Dictators And Us, The West Falls Back Into Appeasement Trap

Assad and Putin in 2015
Assad and Putin in 2015
Maurizio Molinari

-OpEd-

TURIN — Fifty years ago, in January 1968, the reformist leader Alexander Dubcek rose to power in Czechoslovakia. His ascent began a brief era known as the Prague Spring, which ended when peaceful protests against the presence of Soviet troops in the country were violently put down by Russian tanks as the West passively looked on.

Leaders in Europe and the United States justified the decision to not intervene in Prague by invoking the Cold War, which put countries on both sides of the Iron Curtain perennially on the brink of nuclear apocalypse. It remains one of the darkest moments in Western history, as enlightened as it may be by the values and rights produced by the British, French, and American revolutions.

The decision to turn our backs on the protesters demanding freedom in Prague was a moment of collective blindness, much like the 1938 Munich Agreement that handed Czech territory to Hitler in exchange for the dictator's ill-fated promise not to go to war. In Munich in 1938 and again in Prague in 1968, the West's absolute faith in appeasement led it to fall for the dictators' traps and abandon its defense of democratic rights and freedoms.

European leaders remained quiet.

Western leaders today need to remember those moral and political failures — and learn from them — to avoid making the same mistakes. They need to hold fast to the values that distinguish democracies from dictatorships, to keep respecting and defending every citizen's fundamental rights to life, liberty, and prosperity.

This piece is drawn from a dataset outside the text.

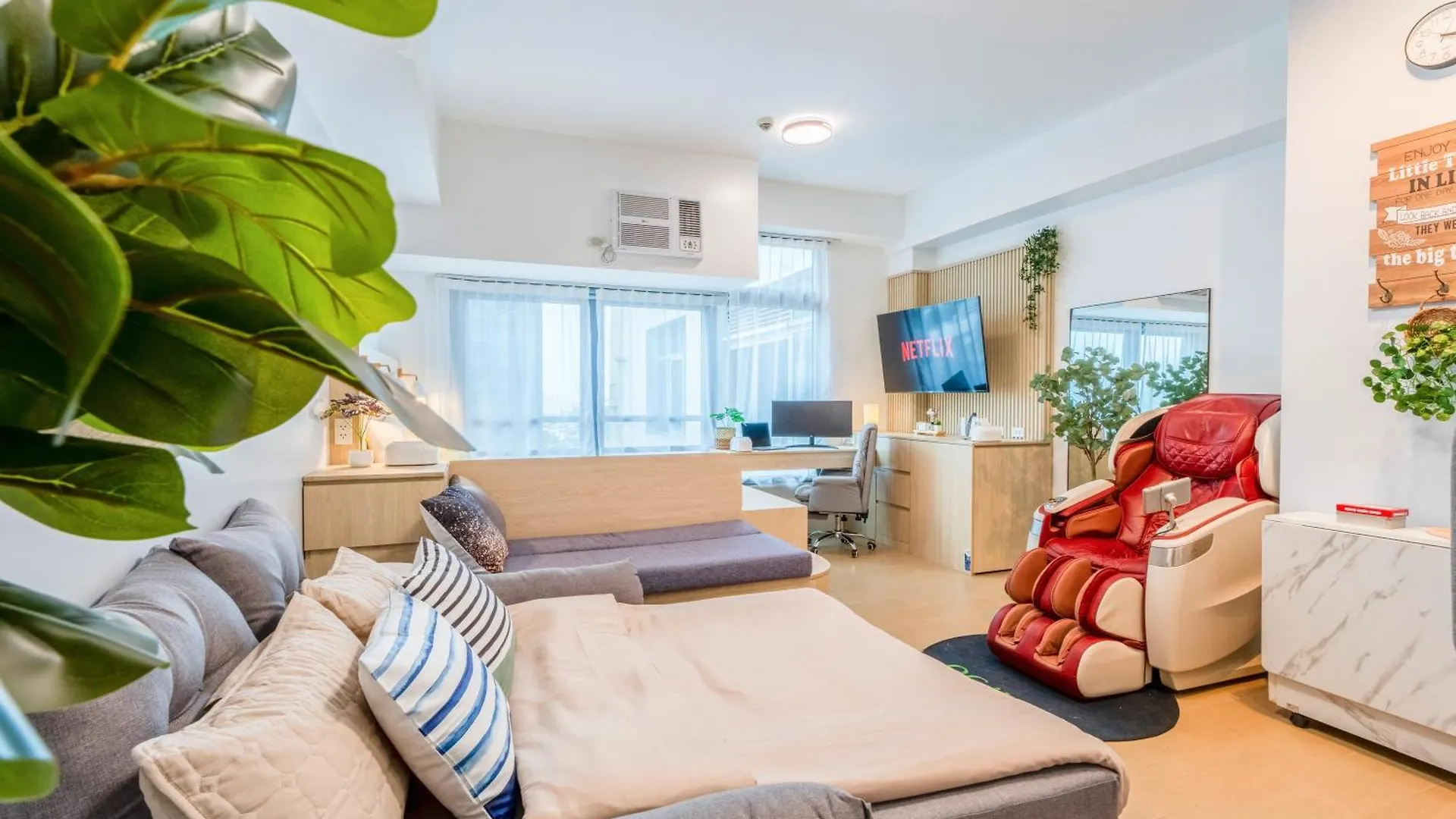 Este apartamento de 33 m², Eastwood Legrand 3 With Ogawa Masterdriveplus, No Pets Allowed Manila, está situado en el distrito Ciudad Quezón, a poco más de 5 minutos a pie del Centro Comercial Eastwood, y cuenta con un centro de fitness. En el apartamento, los visitantes pueden disfrutar de envolturas corporales, una exfoliación corporal y pedicura y hacer ejercicio en instrucciones de yoga.

This can be done in symbolic ways, the way President Kennedy did in the German capital in 1963, when he spoke the words Ich bin ein Berliner ("I am a Berliner") to denounce Soviet oppression in the East, or President Reagan did 24 years later when he implored Moscow to "tear down" the Berlin wall, helping spark the collapse of communist regimes in Eastern Europe.

Kennedy delivering his speech in Berlin — Photo: Robert Knudsen, White House

We live in a generation where the West is once again wavering in the face of widespread human rights violations around the globe. For six years it stood by as Syrian leader Bashar al-Assad slaughtered almost 400,000 of his citizens in his country's civil war. In the last three months, it stayed on the sidelines as Iraq, Turkey, and Iran cracked down on the Kurdish dream of statehood after an overwhelming vote in favor of independence.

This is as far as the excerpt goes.